***** SUPPLIED DATA *****

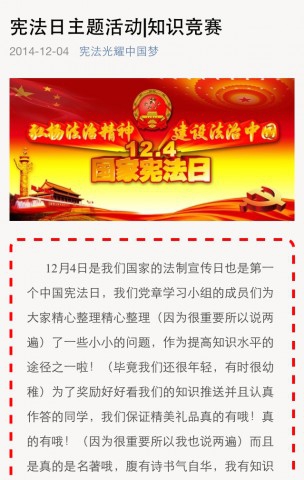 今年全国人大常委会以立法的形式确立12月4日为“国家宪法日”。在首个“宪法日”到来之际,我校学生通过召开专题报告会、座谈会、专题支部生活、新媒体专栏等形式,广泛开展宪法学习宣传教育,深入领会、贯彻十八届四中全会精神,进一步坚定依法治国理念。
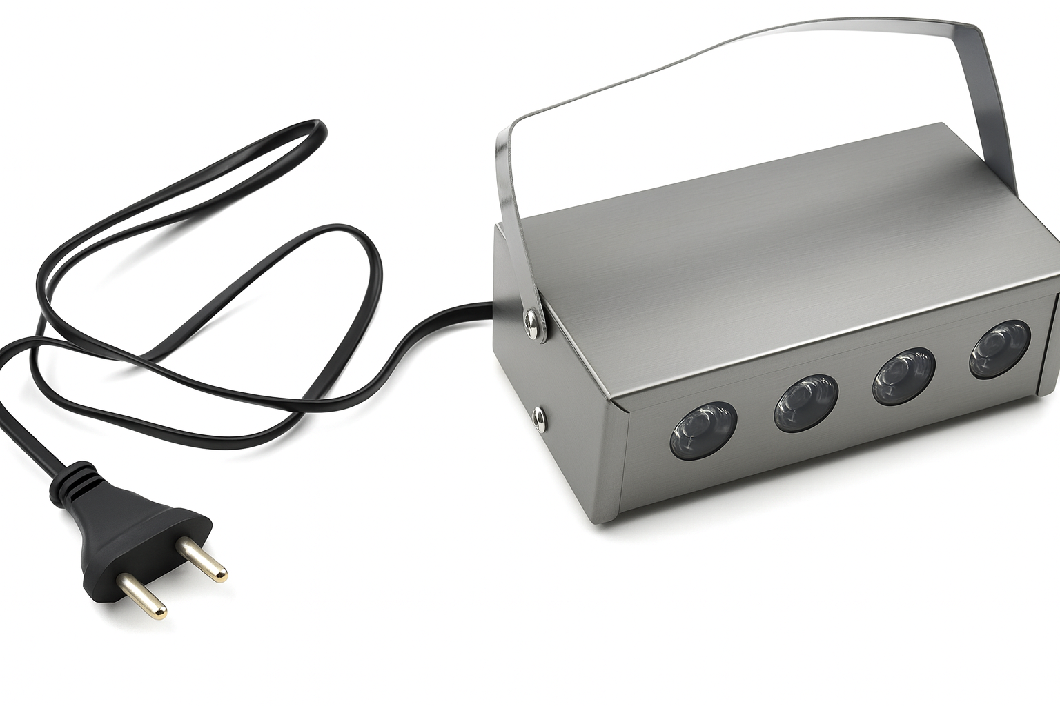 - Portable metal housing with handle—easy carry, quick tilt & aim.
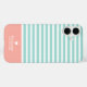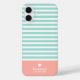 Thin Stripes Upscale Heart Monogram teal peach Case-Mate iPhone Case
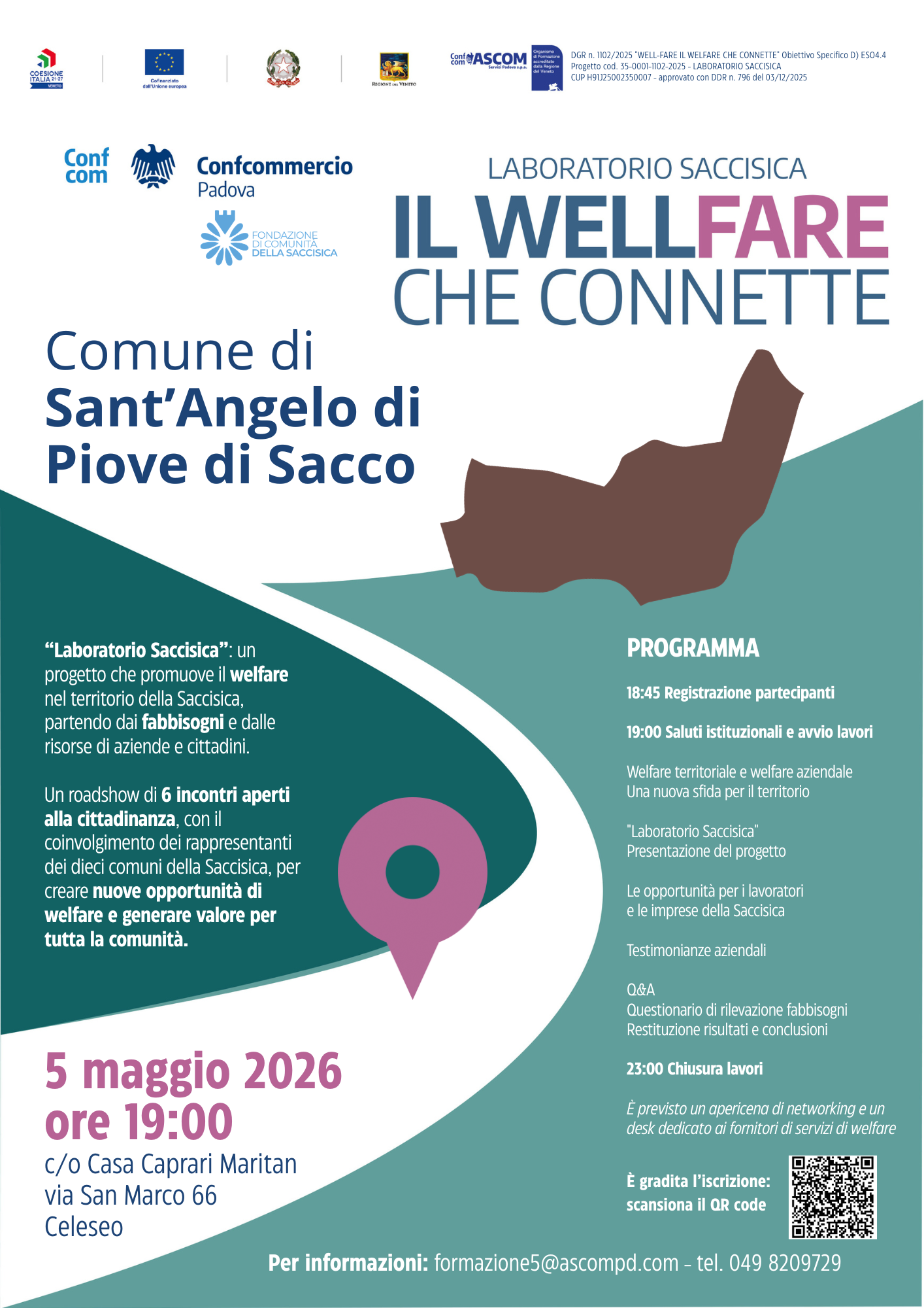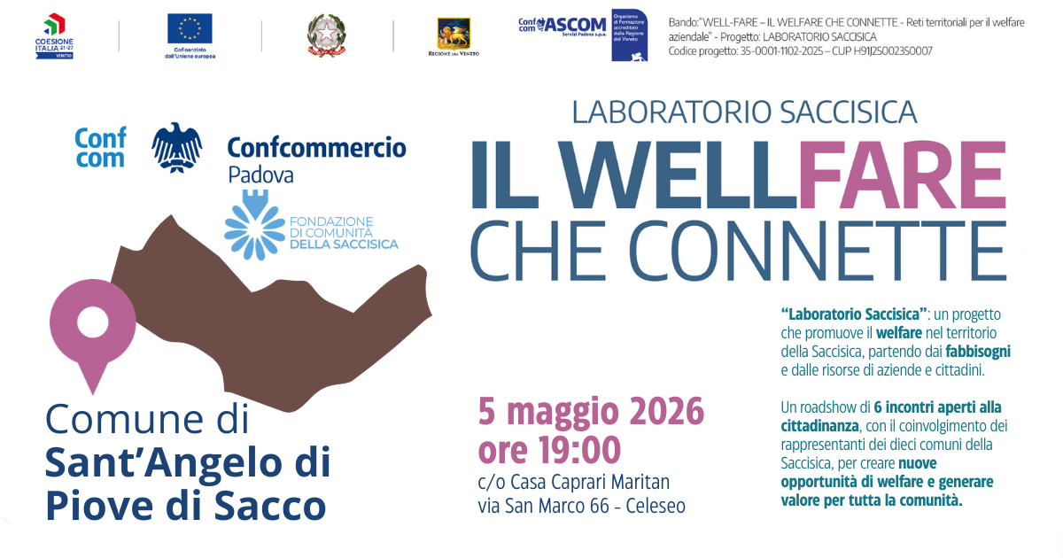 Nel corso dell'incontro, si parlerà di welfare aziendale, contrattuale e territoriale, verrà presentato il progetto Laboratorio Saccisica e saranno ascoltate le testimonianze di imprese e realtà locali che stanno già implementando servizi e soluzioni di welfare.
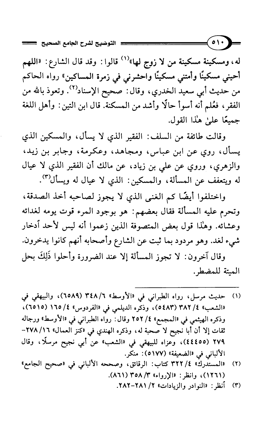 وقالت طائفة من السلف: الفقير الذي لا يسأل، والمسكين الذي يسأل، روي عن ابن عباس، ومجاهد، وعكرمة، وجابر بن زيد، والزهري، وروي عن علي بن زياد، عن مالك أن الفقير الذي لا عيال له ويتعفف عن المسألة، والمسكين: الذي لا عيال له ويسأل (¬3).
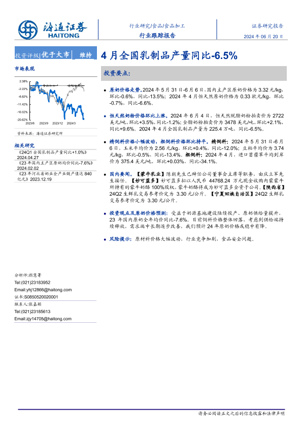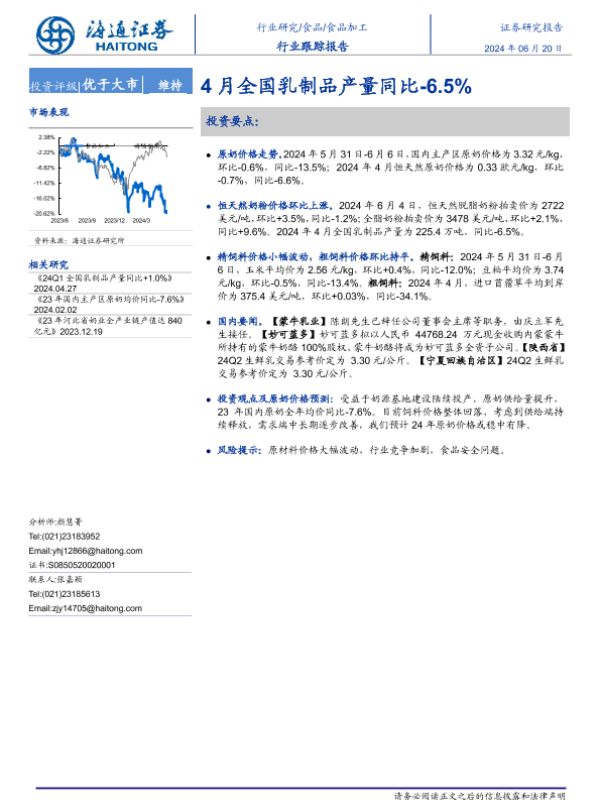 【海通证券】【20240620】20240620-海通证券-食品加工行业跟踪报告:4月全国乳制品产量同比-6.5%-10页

*****

WHAT IS BEING ASKED: Once the line containing "وقالت طائفة من" is found, transcribe it and every line after it to the end of the records, exactly and with no pictures.

REPLY:
 وقالت طائفة من السلف: الفقير الذي لا يسأل، والمسكين الذي يسأل، روي عن ابن عباس، ومجاهد، وعكرمة، وجابر بن زيد، والزهري، وروي عن علي بن زياد، عن مالك أن الفقير الذي لا عيال له ويتعفف عن المسألة، والمسكين: الذي لا عيال له ويسأل (¬3).
 【海通证券】【20240620】20240620-海通证券-食品加工行业跟踪报告:4月全国乳制品产量同比-6.5%-10页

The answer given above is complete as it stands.